In epidemiologic studies, low total testosterone levels have been associated with an increased risk of diabetes and metabolic syndrome. However, in longitudinal analyses of epidemiologic data, SHBG levels, but not total or free testosterone levels, are independently associated with incident diabetes and metabolic syndrome after adjusting for age, adiposity, and comorbid conditions. SHBG is being recognized as an important independent marker of metabolic risk.

The induction of severe acute deficiency of testosterone, such as that induced by withdrawal of testosterone therapy in men with IHH or that induced therapeutically in men with prostate cancer receiving androgen deprivation therapy, is associated with the worsening of insulin resistance. Furthermore, testosterone administration reduces whole-body, subcutaneous as well as visceral fat ; therefore, testosterone therapy would be expected to improve insulin resistance in androgen-deficient men. However, randomized clinical trials have not shown consistent improvements in insulin resistance or diabetes outcomes with testosterone therapy.
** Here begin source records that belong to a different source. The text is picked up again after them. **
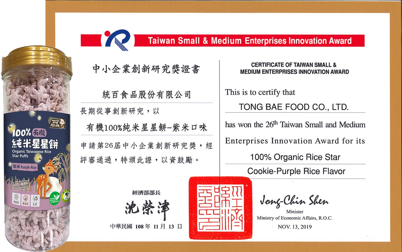 2022年銀髮友善食品頒獎典禮 【臺灣有機100%純米菓條-紫米口味】
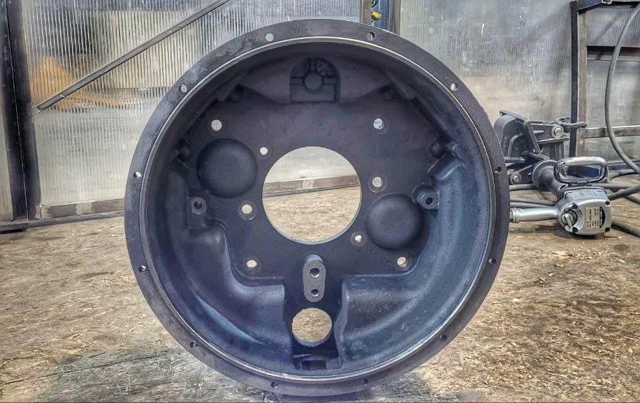 12. Затем впрессовываем подшипник с опорой на его место и закрепляется фланцем задней опоры.
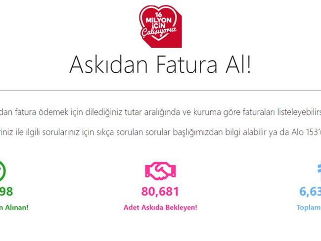 Son olarak 7 Mayıs 12.30 itibarıyla sistemde ödenen fatura sayısı 50 bini aştı ve 52 bin 598'i buldu. Dün açılan ödeme sisteminde şu ana kadar 6 milyon 630 bin 749 TL'lik fatura ödenmiş durumda. Şu an sistemde 80 bin 994 adet fatura da askıda ödenmeyi bekliyor.
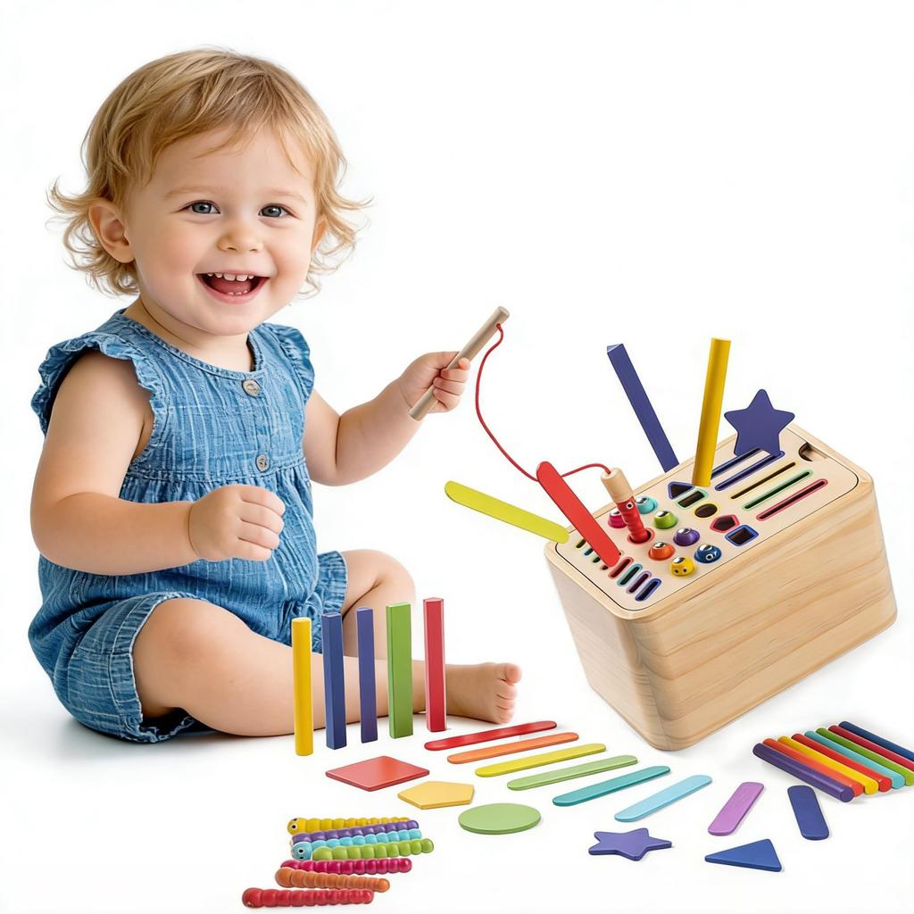 TENGEE Montessori Educational Toy for 3-Year-Olds: Wooden Multi-Piece Fishing Box - Popular Toy for Hand-Eye Coordination, Color, Shape, and Spatial R
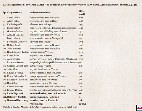 | 1.5.1906 | Les parts se répartirent comme suit (sur 2382 parts) : |
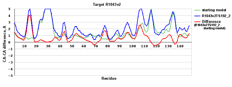 | Red line = (blue line) - (green thick line): difference between the corresponding Refined Model-Target and Starting Model-Target CA-CA distances (see above). Negative values show regions where the reifned model has better fit to the target than the starting model, i.e. areas of potential improvement. |

Although several randomized, placebo-controlled trials of testosterone have been conducted in men with diabetes, the results of only one such trial have been published. The TIMES2 (Testosterone Replacement in Hypogonadal Men With Type 2 Diabetes and/or Metabolic Syndrome) Study was a randomized trial in which men with type 2 diabetes and/or metabolic syndrome were randomized to either 2% testosterone gel or placebo gel for 6 months. The change in hemoglobin A1C between groups did not differ significantly between groups. Thus, this and other unpublished trials have failed to show significant improvements in diabetes outcomes with testosterone therapy, although some trials have reported improvements in homeostatic model assessment for insulin resistance (HOMA-IR).